Crosby, Stills, and Nash all show up to embarrass themselves—Crosby in particular, with a toe-curlingly stupid monologue about “gray-faced” men and naked hippie girls. Backstage at the Fillmore East, Bill Graham fares better as he rants about kids getting gouged by the industry while their heroes sing about revolution. As ever, Young is impish, the one guy who seems to know what’s going on, at least when he isn’t preoccupied with laying down rehearsals of “Words (Between the Lines of Age)” among other Harvest-era numbers in a barn with the Stray Gators. Confounding as it is, Journey Through the Past in some ways helped set the tone for the rest of Young’s career. If we see Shakey now as a man with a steadfast loyalty to his own muse, and a sincere indifference to your opinion, this movie clued us in 40 years ago. Its value as cinema, meanwhile, is best summed up by long-time collaborator Larry “LA” Johnson, who praised Young’s primitivism. “He will try stuff people more knowledgeable than him would never think of trying,” he said. “He’s the naïve explorer.”

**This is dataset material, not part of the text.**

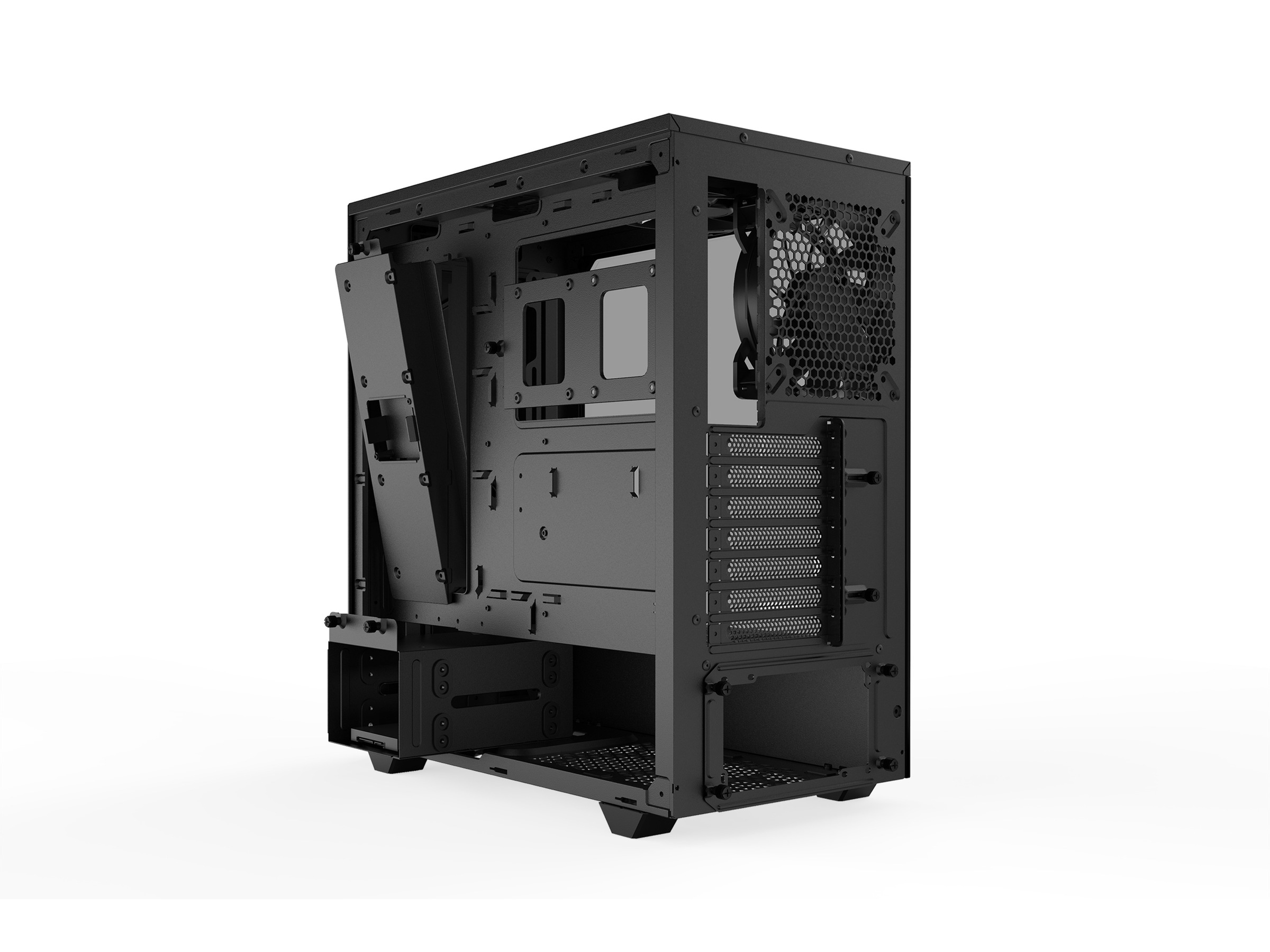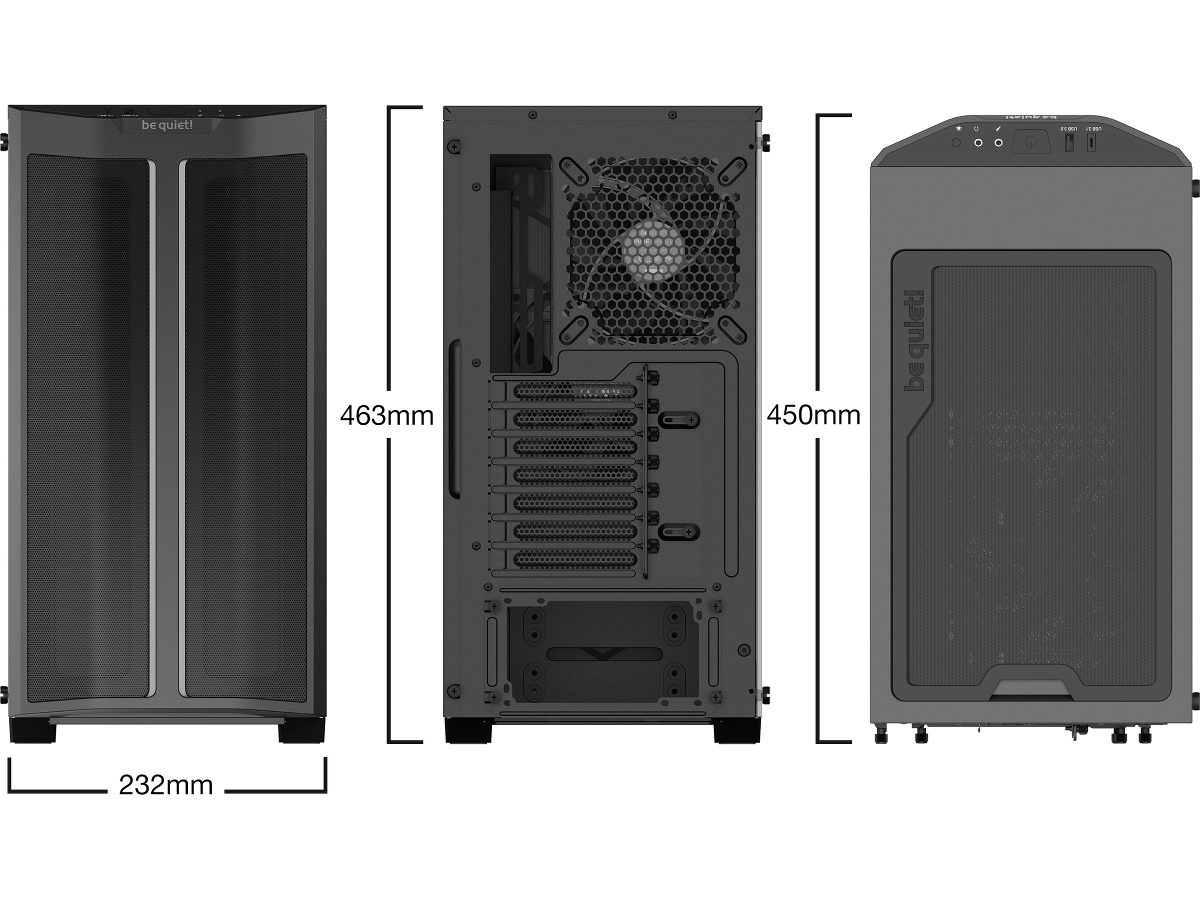 3 forinstallerte Pure Wings 2-vifter med luftstrøm-optimert vifteblader som sikrer perfekt luftstrøm og kjøling. Til tross for det kompakte kabinett-designen er viftene foran, på toppen og bak 140 mm modeller, noe som resulterer i en veldig stille drift. Opptil to 140 mm-vifter kan installeres i tillegg.

Naturally, results will vary. If Greendale (2003) and A Day at the Museum (2012) push Young’s haphazard aesthetic to its breaking point—for the latter, he renders the otherwise fine Crazy Horse album Americana into something painfully boring—the naive explorations of Muddy Track (1987) might provide this retrospective with its towering moment of dreadful inspiration. Young was in Europe with Crazy Horse when his entire world went into free fall, and his diary of that disastrous 1987 tour, captured with a video camera named Otto, is unmissable. “What I’m looking for is anything bad,” he tells a small crew at the beginning. “If people get uptight while you’re filming, don’t stop… Anything that happens that’s going wrong, I want it.” Cue endless sheets of freezing European rain, riots, numerous cancelled shows, bad shows, worse shows, band fights, more band fights, painfully bad interviews, and the pitiful sight (and sound) of Crazy Horse drummer Ralph Molina trying to wrestle with synth-drums. Muddy Track is a terminal document from what should have been the end of Neil Young’s career. “It was a tour with a bunch of people that hated each other, hated what they were doing, and it showed,” said producer David Briggs. Yet its dogged focus on failure and collapse, aggravated by ear-splitting blasts of feedback and lousy acoustics, must have had a cleansing effect. After swearing to ditch them once and for all, Young rounded up the Horse and bounced back with 1990’s Ragged Glory. The nineties would prove to be a considerably better decade for everyone. Muddy Track is a vital dispatch from the outer rings of fucked up.

Other curios in the series include the equally fascinating Solo Trans, a one-hour video directed in 1984 by none other than Hal Ashby. Young was battling commercial failure and artistic torpor. This concert performance captures the confusion, opening with acoustic classics like “Helpless” before moving into the iffy electronica of Trans. It ends with the Shocking Pinks invading the stage for an antic run through “Payola Blues” that dumps all over the wretched album version on 1983’s Everybody’s Rockin’. Significantly, the gonzo humour is also still intact. In fact, Young is straight-up nuts in Solo Trans. “I got way into that guy,” he said, of the greaser Shocking Pinks persona he adopted at the time. “I was that guy for months. He was out there. It was a movie to me. Nobody saw it but me, but who gives a shit?”

“Nobody saw it but me, but who gives a shit?” What a great title for this must-see weekend of films.